The drama around Do Kwon, the Terraform Labs co-founder, just hit a new peak. He’s getting shipped off to the United States, facing charges that have the crypto community on edge. Since March 2023, Kwon’s been chilling in Montenegro, but it looks like his stay is about to get cut short.
So, here’s the lowdown: A news piece out of Montenegro on February 21 spilled the beans. The big wigs at the High Court of Podgorica decided, nah, we’re not sending him to South Korea; the U.S. gets him. This came after Kwon’s lawyers threw a Hail Mary, saying, “Hey, shouldn’t our Justice Minister call the shots here?” But the court wasn’t having any of it.
When’s Kwon jet-setting to the U.S.? That’s the million-dollar question. Post-Terra’s nosedive in May 2022, the guy’s been off the radar, popping up only when Montenegro’s cops nabbed him in March 2023 for toting around fake travel docs. He’s been warming a cell for four months and dealing with the whole extradition circus.
Now, for the juicy bits you won’t find just anywhere. The Montenegrin court was like, “Do Kwon, the crypto king, is U.S. bound because they want him for some serious financial shenanigans,” according to Pobjeda. They gave South Korea’s extradition plea the cold shoulder. The appeal court had to step in and tell the higher-ups to make a call between South Korea and the U.S.
Initially, the court figured, yeah, we can extradite him, leaving it to Justice Minister Andrej Milović to pick who gets Kwon. But then, twist! The appeal court said, “Hold up. Milović only gets a say in regular extradition stuff. Kwon’s agreed to go, so let’s speed this up.”

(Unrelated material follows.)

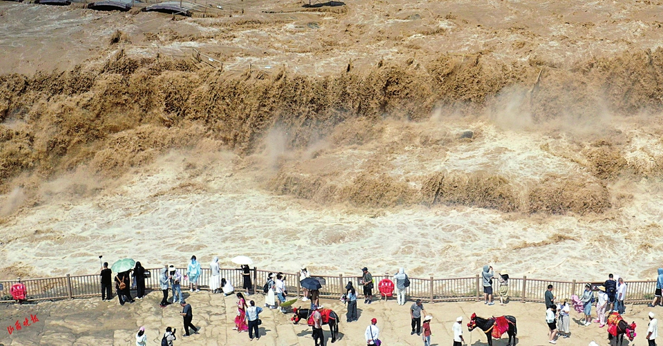近日,受上游降雨增多及萬(wàn)家寨水庫(kù)調(diào)水調(diào)沙放水影響,黃河干流進(jìn)入汛期。位于晉陜兩省交界處的壺口瀑布水量驟增,每秒流量突破1800立方米,主瀑與副瀑連成壯闊一線,昔日分散的水流此刻匯聚成氣勢(shì)磅礴的瀑布群,盡顯“黃河之水天上來(lái)”的雄渾壯美。這一難得的景觀吸引了大批游客慕名而至,爭(zhēng)相目睹大自然的磅礴奇觀。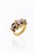 in oro giallo, anni '40, sommità a volute con al centro diamante taglio brillante di ct 0,20 ca e rosette di diamanti per totali ct 0,10 ca

Kwon’s lawyer, Goran Rodić, was all, “Legally, he should be off to South Korea first,” citing all sorts of legal jargon and treaties with the U.S. But on the flip side, Milović was playing politics, hinting at the U.S. being their BFF and wanting to tighten those extradition treaty bonds.
Let’s not forget the drama at Podgorica airport on March 23 last year. Kwon and his buddy, Hon Chang Joon, were busted trying to fly to Dubai with fake Costa Rican passports. Cops found Belgian travel papers on them, too. In court, they claimed ignorance, saying they got those passports through a Singapore agency and had no clue they were fakes. Kwon even said they spotted errors in the Belgian passports but never used them because they trusted the agency too much after their Costa Rican passport application got approved.
That’s the scoop. Kwon’s extradition saga is more tangled than last year’s Christmas lights, but it looks like the U.S. is set to untangle it. Let’s see how this plays out.